Closed ClaudiaHebert closed 1 month ago
Hello @ClaudiaHebert,
The plus symbols are a bit tricky in regex because they serve as one of the quantifiers. In order to remove them, you have to escape them (see the cheatsheet for details on the quantifiers and escaping: https://github.com/Watts-College/cpp-528-fall-2021/blob/main/lectures/RegExCheatsheetInR.pdf).
For example:
gsub("<U\\+200A>", "", df$title)
Hi @castower ,
Thank you for the help with the previous question, I was wondering the same thing. I had an additional question regarding the HTML tags. I found what I think looks like an additional HTML tag in some of the titles, such as row 11. The title there starts with:
<em class="markup--em markup--h3-em">
However, when I try to remove this with the same code as the other HTML tag (the same one Claudia used), I get an "unexpected symbol" error.
d$title <- gsub("<em class="markup--em markup--h3-em">", "", d$title)
Error: unexpected symbol in "d$title <- gsub("<em class\\="markup"
It looks like the error is stemming from the = sign after the word class. I tried to use the escaping method like you suggested for the plus symbol, but that didn't seem to work. Any help would be appreciated!
Hello @pmorrizonaz ,
In R, quotes come in pairs so in effect if you place a set of double quotation marks within another set of double quotation, you'll end up with part of your code being outside of the quote.
In your code above, R interprets this as the following:
quote1: "<em class="
unquoted: markup--em markup--h3-em
quote2: ">"
That middle unquoted part breaks the code.

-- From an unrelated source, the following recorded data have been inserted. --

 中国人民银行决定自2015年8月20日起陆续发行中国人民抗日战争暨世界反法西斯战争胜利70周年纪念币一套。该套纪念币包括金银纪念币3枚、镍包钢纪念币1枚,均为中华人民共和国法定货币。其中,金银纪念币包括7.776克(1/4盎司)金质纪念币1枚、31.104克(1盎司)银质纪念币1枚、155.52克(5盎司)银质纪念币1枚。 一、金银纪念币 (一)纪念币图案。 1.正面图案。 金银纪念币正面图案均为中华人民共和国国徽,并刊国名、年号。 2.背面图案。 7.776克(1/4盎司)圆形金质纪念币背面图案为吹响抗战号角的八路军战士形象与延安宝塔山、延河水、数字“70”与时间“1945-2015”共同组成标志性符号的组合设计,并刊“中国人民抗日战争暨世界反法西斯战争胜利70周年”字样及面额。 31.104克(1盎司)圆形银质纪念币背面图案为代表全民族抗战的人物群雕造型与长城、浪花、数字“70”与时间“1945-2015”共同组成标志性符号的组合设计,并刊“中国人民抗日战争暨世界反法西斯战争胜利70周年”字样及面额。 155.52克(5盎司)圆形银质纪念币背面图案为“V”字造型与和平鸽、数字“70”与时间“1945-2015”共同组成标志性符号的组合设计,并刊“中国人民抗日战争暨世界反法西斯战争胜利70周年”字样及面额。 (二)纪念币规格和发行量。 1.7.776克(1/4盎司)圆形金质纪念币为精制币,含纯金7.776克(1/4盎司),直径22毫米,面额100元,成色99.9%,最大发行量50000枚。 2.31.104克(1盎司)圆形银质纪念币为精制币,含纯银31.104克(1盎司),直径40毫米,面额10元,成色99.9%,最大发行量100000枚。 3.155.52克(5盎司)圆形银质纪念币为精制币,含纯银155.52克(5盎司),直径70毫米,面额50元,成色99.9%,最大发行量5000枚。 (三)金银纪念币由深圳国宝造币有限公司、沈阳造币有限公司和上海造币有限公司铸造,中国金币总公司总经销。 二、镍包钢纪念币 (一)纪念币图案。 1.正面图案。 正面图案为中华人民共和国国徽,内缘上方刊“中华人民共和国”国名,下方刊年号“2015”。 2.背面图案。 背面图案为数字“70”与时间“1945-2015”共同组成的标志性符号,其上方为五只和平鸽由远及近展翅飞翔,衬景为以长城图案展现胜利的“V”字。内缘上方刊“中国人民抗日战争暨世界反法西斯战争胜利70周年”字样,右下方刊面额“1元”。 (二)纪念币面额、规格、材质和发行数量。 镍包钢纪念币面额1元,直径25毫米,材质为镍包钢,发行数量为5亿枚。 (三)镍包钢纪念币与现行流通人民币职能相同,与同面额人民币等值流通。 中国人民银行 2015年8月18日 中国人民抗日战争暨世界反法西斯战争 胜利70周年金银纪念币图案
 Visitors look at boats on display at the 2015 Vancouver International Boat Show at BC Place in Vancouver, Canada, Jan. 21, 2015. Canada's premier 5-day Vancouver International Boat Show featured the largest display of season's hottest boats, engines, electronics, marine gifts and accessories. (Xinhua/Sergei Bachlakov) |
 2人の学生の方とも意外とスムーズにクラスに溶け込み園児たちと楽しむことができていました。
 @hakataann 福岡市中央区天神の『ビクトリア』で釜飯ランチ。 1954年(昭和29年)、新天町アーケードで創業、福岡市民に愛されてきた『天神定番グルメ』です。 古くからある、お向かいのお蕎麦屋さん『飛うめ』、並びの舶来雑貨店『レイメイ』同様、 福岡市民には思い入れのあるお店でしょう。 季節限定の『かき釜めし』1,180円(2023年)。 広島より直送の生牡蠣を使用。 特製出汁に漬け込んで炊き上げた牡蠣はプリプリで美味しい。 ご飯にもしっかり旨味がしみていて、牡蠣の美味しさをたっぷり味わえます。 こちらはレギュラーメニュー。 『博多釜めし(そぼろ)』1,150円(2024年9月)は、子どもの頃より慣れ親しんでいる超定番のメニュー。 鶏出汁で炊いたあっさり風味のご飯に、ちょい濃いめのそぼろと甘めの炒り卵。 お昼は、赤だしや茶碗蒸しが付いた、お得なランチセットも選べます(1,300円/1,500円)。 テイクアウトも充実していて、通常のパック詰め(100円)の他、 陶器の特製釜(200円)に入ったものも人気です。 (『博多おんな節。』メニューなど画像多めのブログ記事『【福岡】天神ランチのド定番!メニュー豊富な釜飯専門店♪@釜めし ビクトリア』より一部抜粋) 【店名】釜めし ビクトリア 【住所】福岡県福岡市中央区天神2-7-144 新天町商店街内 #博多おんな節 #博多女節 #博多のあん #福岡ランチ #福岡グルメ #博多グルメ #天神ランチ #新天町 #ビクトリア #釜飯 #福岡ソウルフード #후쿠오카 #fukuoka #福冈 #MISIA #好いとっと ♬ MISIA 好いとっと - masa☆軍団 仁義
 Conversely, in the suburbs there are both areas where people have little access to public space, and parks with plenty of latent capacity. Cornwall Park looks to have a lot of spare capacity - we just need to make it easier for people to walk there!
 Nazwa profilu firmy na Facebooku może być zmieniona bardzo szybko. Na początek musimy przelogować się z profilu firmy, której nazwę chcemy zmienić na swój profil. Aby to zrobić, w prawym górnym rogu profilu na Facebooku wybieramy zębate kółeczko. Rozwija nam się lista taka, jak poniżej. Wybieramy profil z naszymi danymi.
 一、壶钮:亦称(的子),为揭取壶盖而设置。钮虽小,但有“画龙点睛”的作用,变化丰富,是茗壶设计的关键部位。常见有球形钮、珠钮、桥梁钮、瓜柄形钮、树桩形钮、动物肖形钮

Therefore, to resolve it, you can combine single and double quotes so that everything goes with the expected pair:
d$title <- gsub('<em class="markup--em markup--h3-em">', "", d$title)
Thank you @castower , that worked perfectly!
Hi, everyone! I seemed to have a fair amount of HTML code (etc.) that I needed to clean for. I ended up using the grep() function to locate any titles that had ">" or "<" in it and that helped pinpoint the characters/phrases that I still needed to clean. I hope that was an alright direction to go in.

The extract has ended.